Tamils are also unnerved by the fact that the soldiers are almost entirely of the country's dominant Sinhalese ethnicity, and thus don't readily speak Tamil. In fact, the only language they usually share is English, their common colonial tongue. Tamils are so discomfited by the Sinhalese soldiers that they take pains to avoid earning their attention. Locals instruct their guests not to take photos of monuments dedicated to Tamil resistance figures until the Sri Lankan Army is out of sight; residents of Jaffna also show a preference for hiring taxis and rickshaws with older drivers, because Sri Lankan soldiers more readily suspect young people of being militants.

The war's legacy is most evident in the city's devastated infrastructure. Bombed-out, bullet-pocked buildings are scattered throughout the city. Jaffna's central train station is now a massive ruin. The once-proud waterfront is now a sorrowful stretch of hollow building foundations, battleground remnants from the 1980s and 1990s.

Still, despite the simmering tension and lingering destruction, the people of Jaffna are mostly upbeat. Perhaps more than anything else, they are enjoying their freedom of movement. "For the first time in 30 years, we can go to the hospital in Colombo," one local says.

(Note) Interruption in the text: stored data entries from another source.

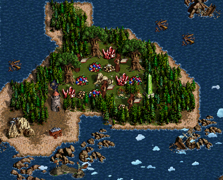 Wyrzuciło mi graal'a w takim miejscu (za jasnoniebieską bramą), że nie da się tam dopłynąć (skrzynie ze skarbami na brzegu, nie ma jak zacumować). Brak lotu (i tak nic by nie dał, za mało pkt ruchu, żeby przez wodę tam dolecieć) i wrót wymiarów.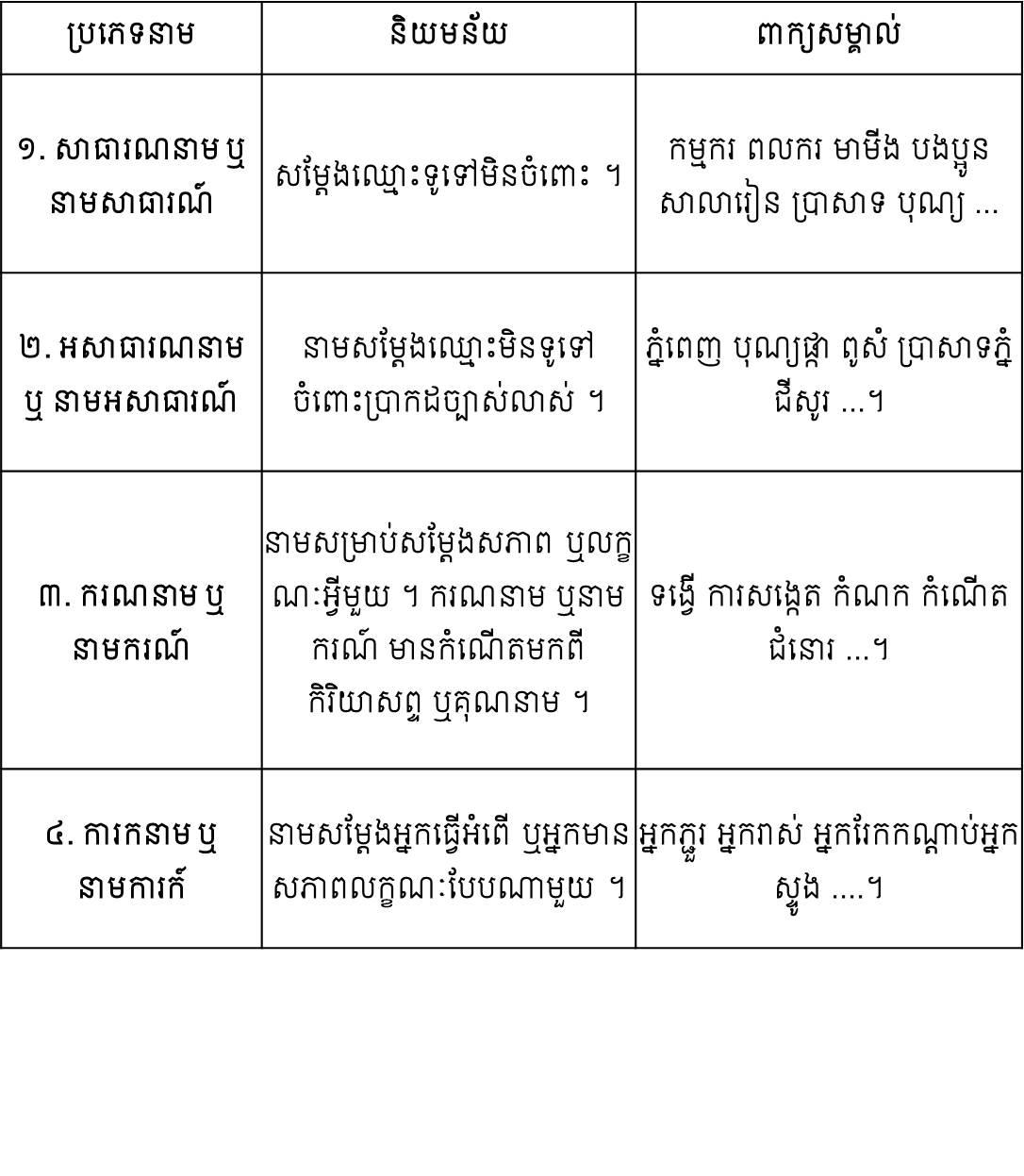 នាម គឺជាពាក្យសម្រាប់សម្គាល់មនុស្ស សត្វ រុក្ខជាតិ ទីកន្លែង វត្ថុ ស្ថានភាព សកម្មភាព ឬគំនិតអ្វីមួយ ។ នាមមានច្រើនប្រភេទ ដូចជា ៖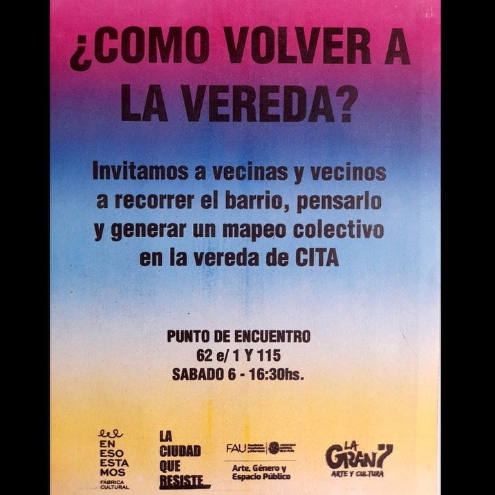 Con un recorrido por el barrio El Mondongo, el colectivo Territorio Tolosa junto a los centros culturales "En eso Estamos" y "La Gran 7" convocan este sábado 6 de noviembre desde las 16:30hs, para pensar las veredas colectivamente.

Restaurants and hotels are reporting that business is increasing after decades of stagnation. Indeed, there has been a spike in domestic and expat travel since the road connecting Jaffna to the rest of the country opened in January -- though some locals worry that tourism will drop precipitously once the novelty of visiting this once-forbidden city wears off.

Unfortunately, Colombo has been slow to commit resources or energy to a long-term rebuilding program for Jaffna. "In terms of development," says the CPA's Raheem, "the local concerns of the [Tamil] people are not being taken into account. They are feeling the lack of consultation and participation, and there is an overall sense of disempowerment."

Tamils are still enjoying the immediate fruits of peace, but everyone knows it is a fragile calm. Satchithanandam, who in addition to his reporting duties also writes the horoscopes for the daily newspaper at which he works, offers a less-than-reassuring prediction. The people of Jaffna are willing to struggle nonviolently for some measure of political autonomy and economic dignity, but, he says, "If they have to, they will fight."